== Instructions to follow ==
Leave every picture out and give back the lines below from the first through the line that holds "Kód   CD-749-051  [Lokomotivy]", exactly as written.

== Data to process ==
⁂
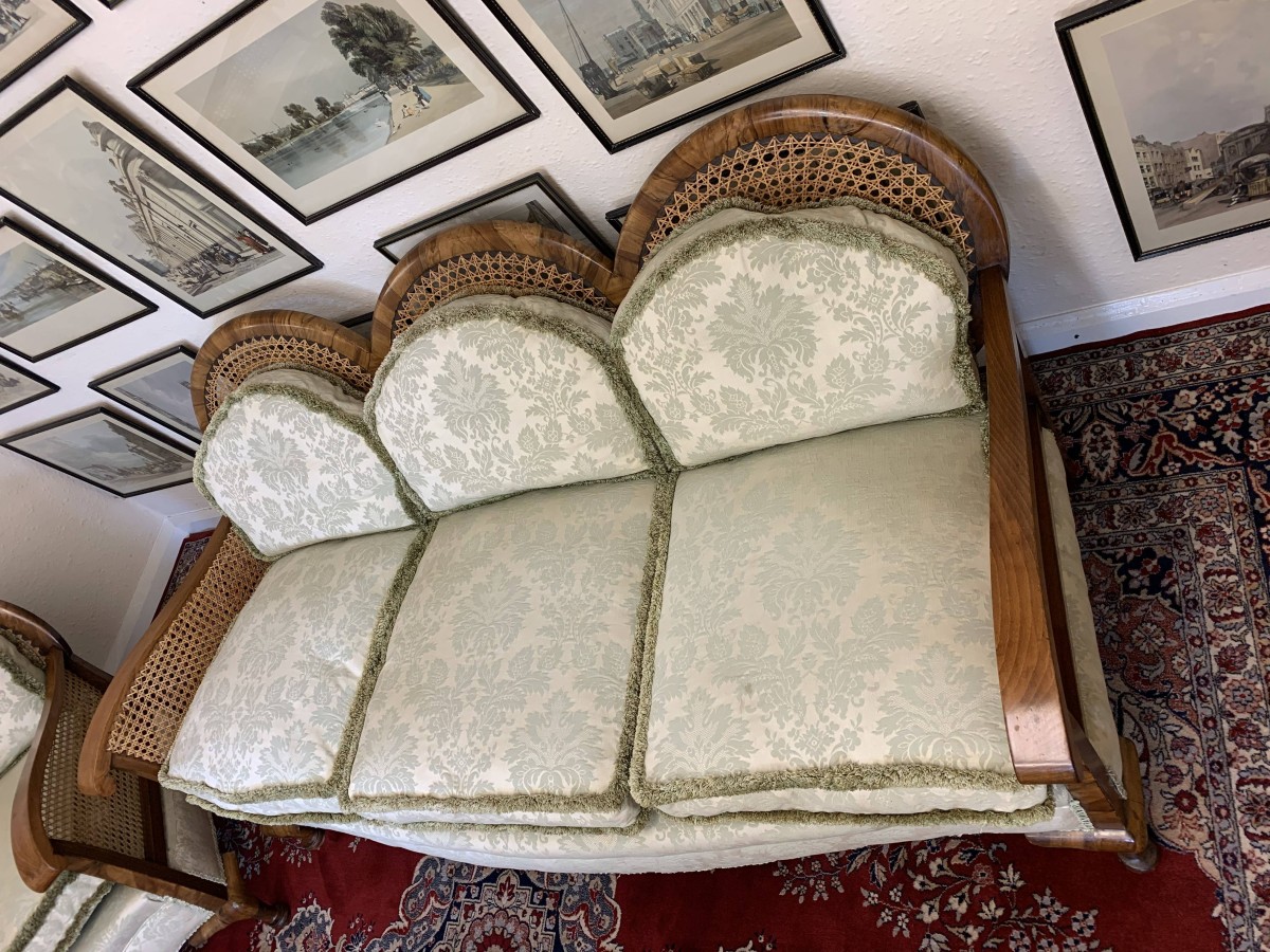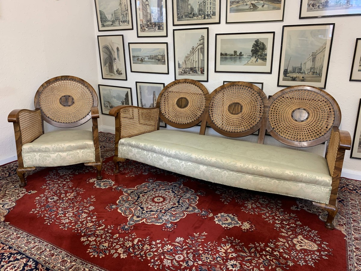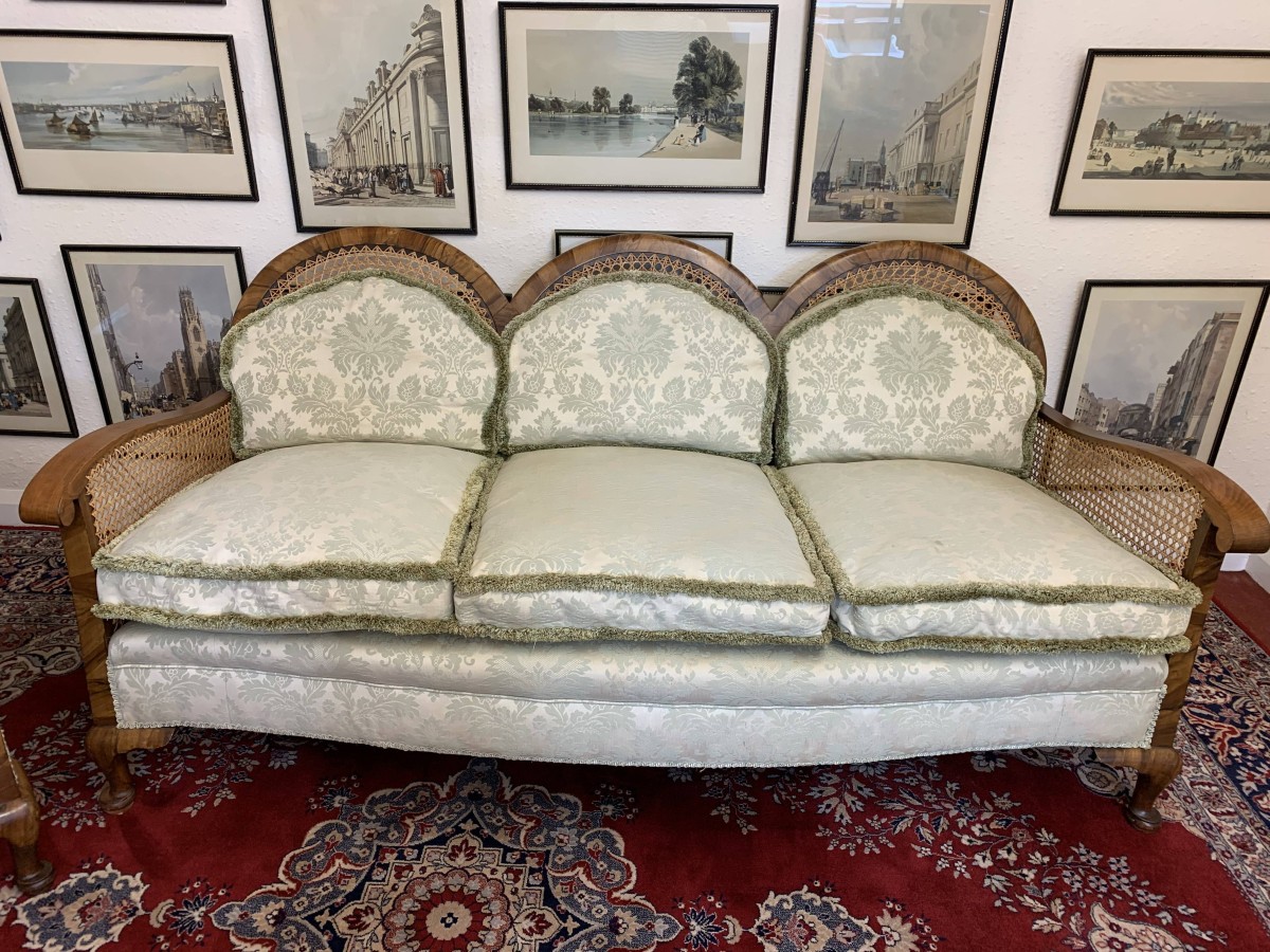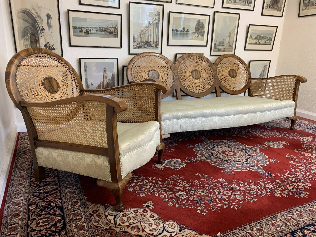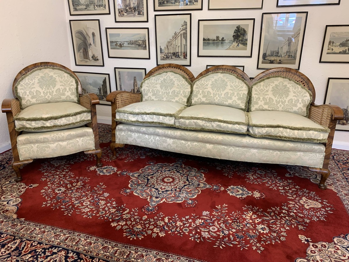 Made in striking Burr Walnut this Begere settee and armchair ooze style and quality. The sunburst shaped back and shaped arms are Begere and are in immaculate condition. Both the settee and armchair are slightly bowed at the front and offer a deep seat. The suite is upholstered in a damask fabric, all in super condition. The suite stands on shaped cabriole legs to the front.
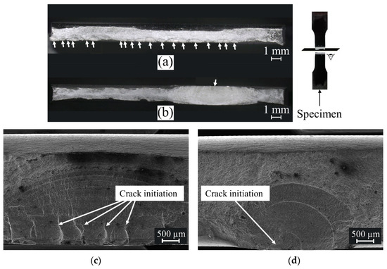 Light micrograph of the fracture surface of the (a) conventional and (b) stationary shoulder FSW specimens and SEM image of the crack initiation sites in (c) conventional and (d) stationary shoulder FSW specimens.
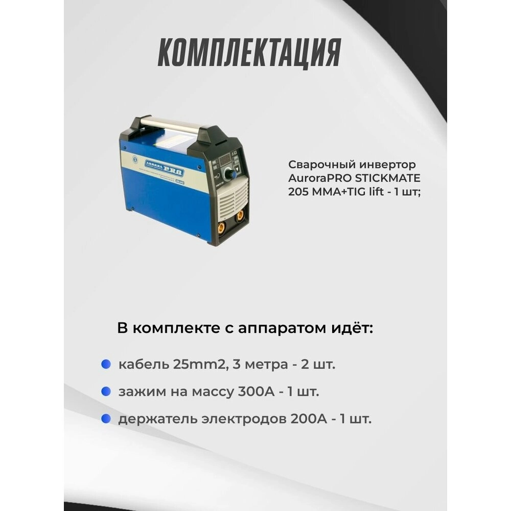 Приобретая Aurora PRO STICKMATE 205, вы получаете не просто сварочный аппарат, а полноценный инструмент для качественной и быстрой работы, который станет вашим надежным партнером на многих проектах.
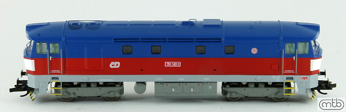 Kód   CD-749-051  [Lokomotivy] → [Motorové] → [T478.1 „Bardotka”] → CD-749-051: dieselová lokomotiva červená-modrá s bílým pásem, tmavě šedý rám a podvozky
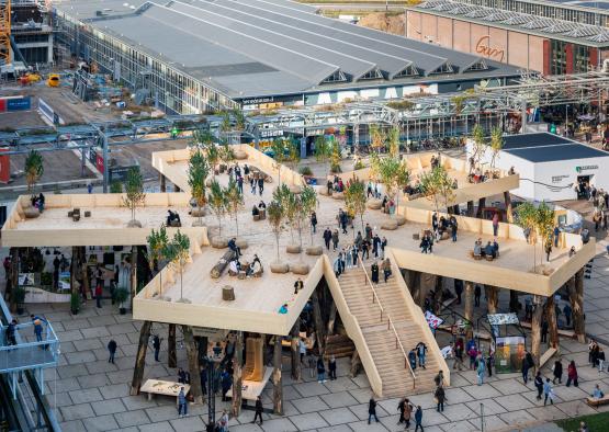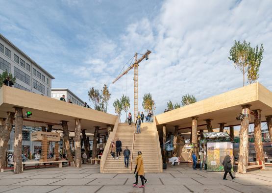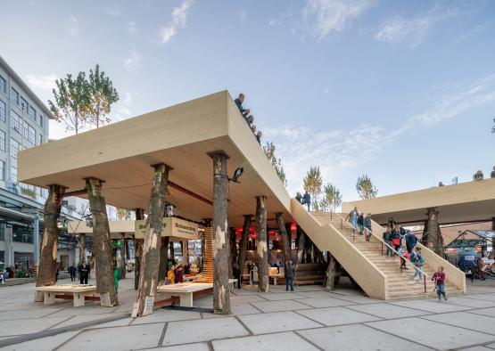 The CLT roof is supported by pillars made from the raw trunks of poplar trees, which have been taken from the motorway between Den Bosch and Eindhoven. The roof structure also acts as a second storey roof deck. The trees were destined to be cleared from the edge of the road for road anyway, for safety reasons due to their age. The trees were salvaged for the pavilion and re purposed in a meaningful way.
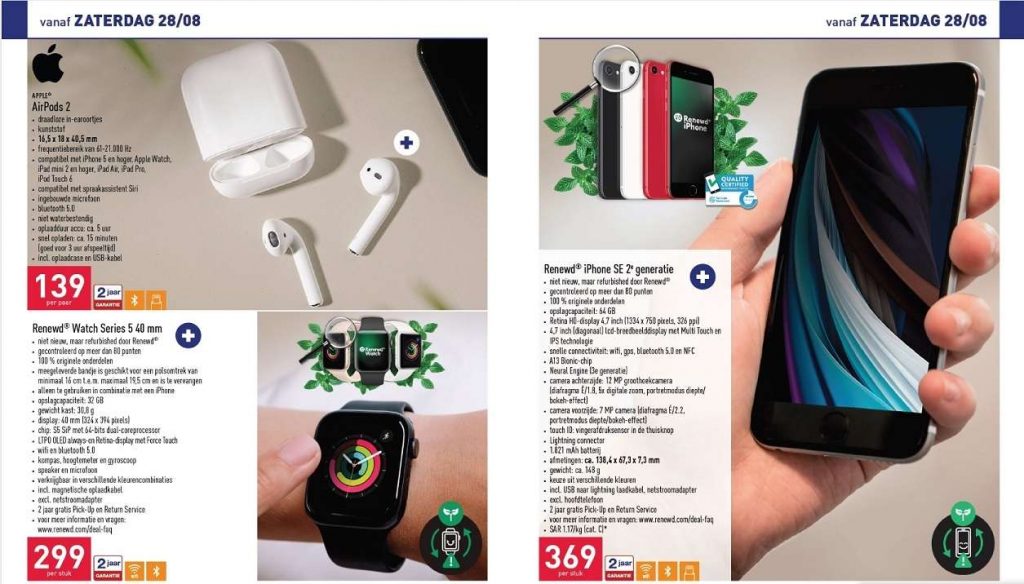 In de folder van de retailer (foto) staat duidelijk aangegeven dat het niet om nieuwe toestellen gaat: dat was een punt van kritiek dat Test Aankoop uitte op het nieuws. Ook in de winkels komt er een extra pancarte om de klanten goed te informeren. Aldi verzekert dat de toestellen op 80 punten getest werden en dat ze uitsluitend originele onderdelen bevatten.
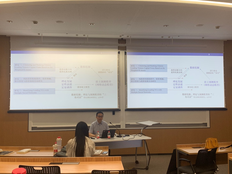 21日下午,罗老师团队的杨虎老师和谷伟伟老师基于罗老师的三角对话理论,分别介绍了大数据风险投资领袖识别和基于动态理论建模的风险投资大数据分析系列研究。其中,杨虎老师分享的三个实证研究分别呈现了他利用大数据识别风险投资领袖,探索风险投资机构排序、投资领袖、联合投资与投资绩效关系,并开发综合更多的信息(含个体特征和结构化信息)识别风险投资领袖的算法的过程。谷伟伟老师分享的两个应用实例则回答了如何使用大数据做验证性的研究、动态理论建模怎样与大数据对话、大数据分析的研究范式和常用方法有哪些等社会计算研究关注的关键问题。两位老师的分享激发了同学们的思考,在回答环节,在场师生针对大数据对管理学研究的启示做了进一步的讨论。
⁂
== Response ==
 Made in striking Burr Walnut this Begere settee and armchair ooze style and quality. The sunburst shaped back and shaped arms are Begere and are in immaculate condition. Both the settee and armchair are slightly bowed at the front and offer a deep seat. The suite is upholstered in a damask fabric, all in super condition. The suite stands on shaped cabriole legs to the front.
 Light micrograph of the fracture surface of the (a) conventional and (b) stationary shoulder FSW specimens and SEM image of the crack initiation sites in (c) conventional and (d) stationary shoulder FSW specimens.
 Приобретая Aurora PRO STICKMATE 205, вы получаете не просто сварочный аппарат, а полноценный инструмент для качественной и быстрой работы, который станет вашим надежным партнером на многих проектах.
 Kód   CD-749-051  [Lokomotivy] → [Motorové] → [T478.1 „Bardotka”] → CD-749-051: dieselová lokomotiva červená-modrá s bílým pásem, tmavě šedý rám a podvozky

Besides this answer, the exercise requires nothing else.